On December 28, 2016, Sims was signed to the Tampa Bay Buccaneers' practice squad. He signed a reserve/future contract with the Buccaneers on January 2, 2017. He was waived on August 28, 2017.

After his release by the Buccaneers, Sims was assigned to the Birmingham Iron of the Alliance of American Football. In the league's quarterback draft on November 27, he was retained by the Iron with their second-round selection. He was placed on injured reserve on February 27, 2019, and waived from injured reserve on April 1, 2019.

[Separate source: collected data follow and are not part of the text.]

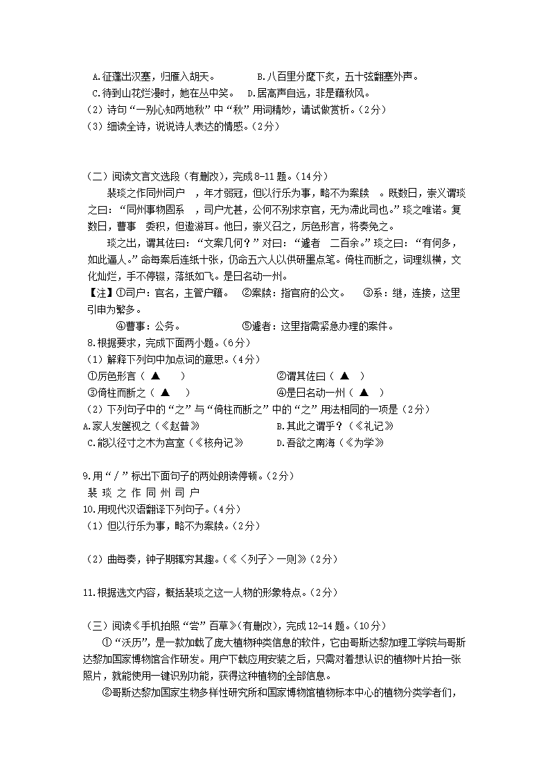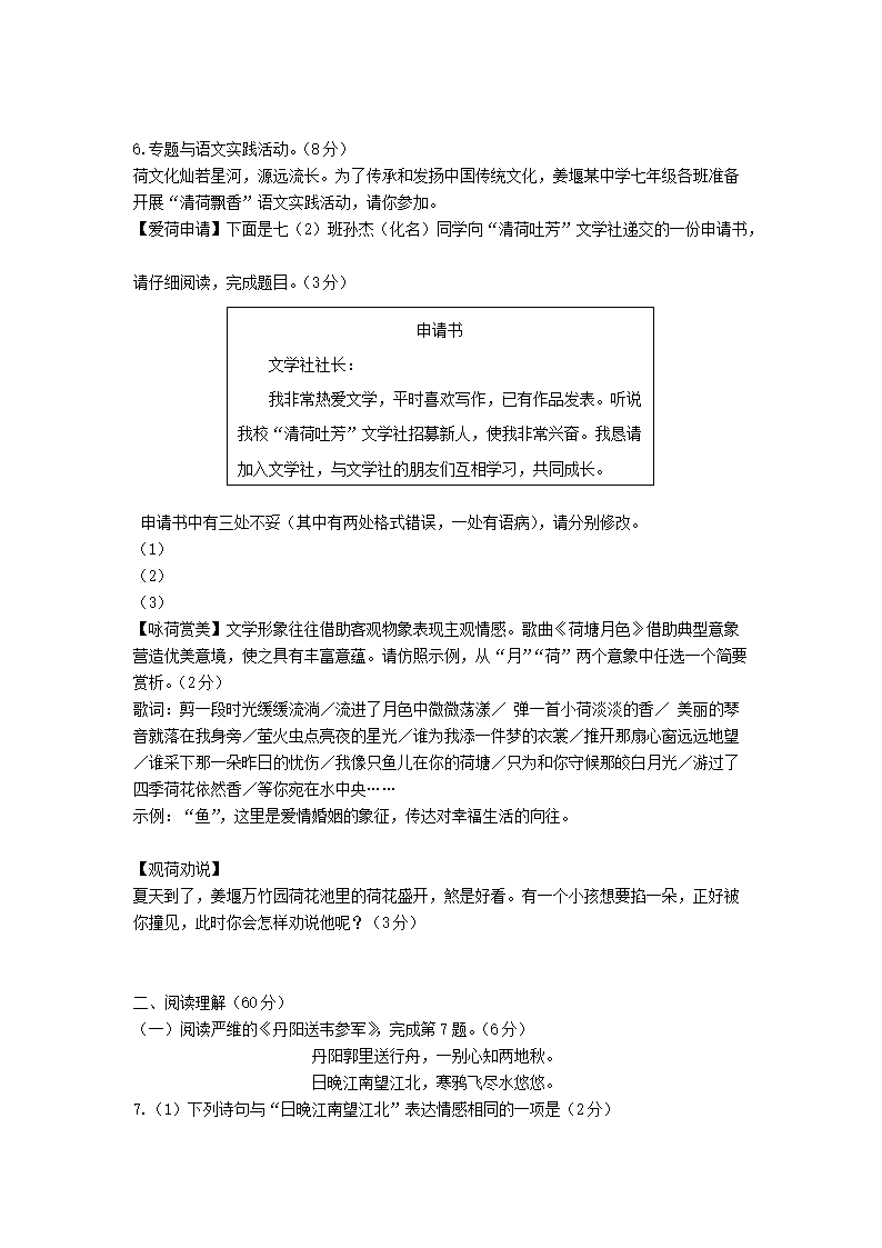 2016-2017学年江苏泰州市姜堰区七年级下册期末语文试卷及答案(Word版)06-07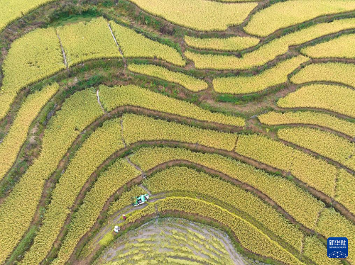 10月10日,湖北省宜昌市秭歸縣沙鎮(zhèn)溪鎮(zhèn)長春村村民駕駛農(nóng)機在田間收獲水稻。(新華社發(fā) 王罡 攝)
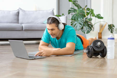 Man doing sports at home lying on a mat watching videos on a laptop and listening to music with a phone and headphones.
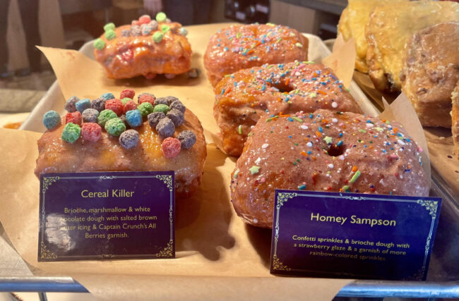 The current flavors that can be found around town are chocolate pistachio, maple glaze with bacon, blueberry white chocolate basil, Plain Jane (just glaze), Cereal Killer (classic glaze with Captain Crunch berries on top) and Homey Sampson, an ode to Homer Simpson with strawberry glaze and sprinkles.

On February 27, 2022, Sims signed with the Frisco Fighters of the Indoor Football League. On August 25, 2022, Sims retired from professional football.

Pre-draft measurables
| Height | Weight | Arm length | Hand span | 40-yard dash | 10-yard split | 20-yard split | Three-cone drill | Vertical jump | Broad jump |
| 5 ft 11+1⁄2 in (1.82 m) | 218 lb (99 kg) | 31+1⁄2 in (0.80 m) | 9 in (0.23 m) | 4.57 s | 1.67 s | 2.70 s | 7.15 s | 30+1⁄2 in (0.77 m) | 9 ft 7 in (2.92 m) |
3-cone from Alabama Pro Day, all others from NFL Combine

==Coaching career==
On March 17, 2023, Sims announced he became the offensive coordinator and quarterbacks coach for Mt. Bethel Christian Academy.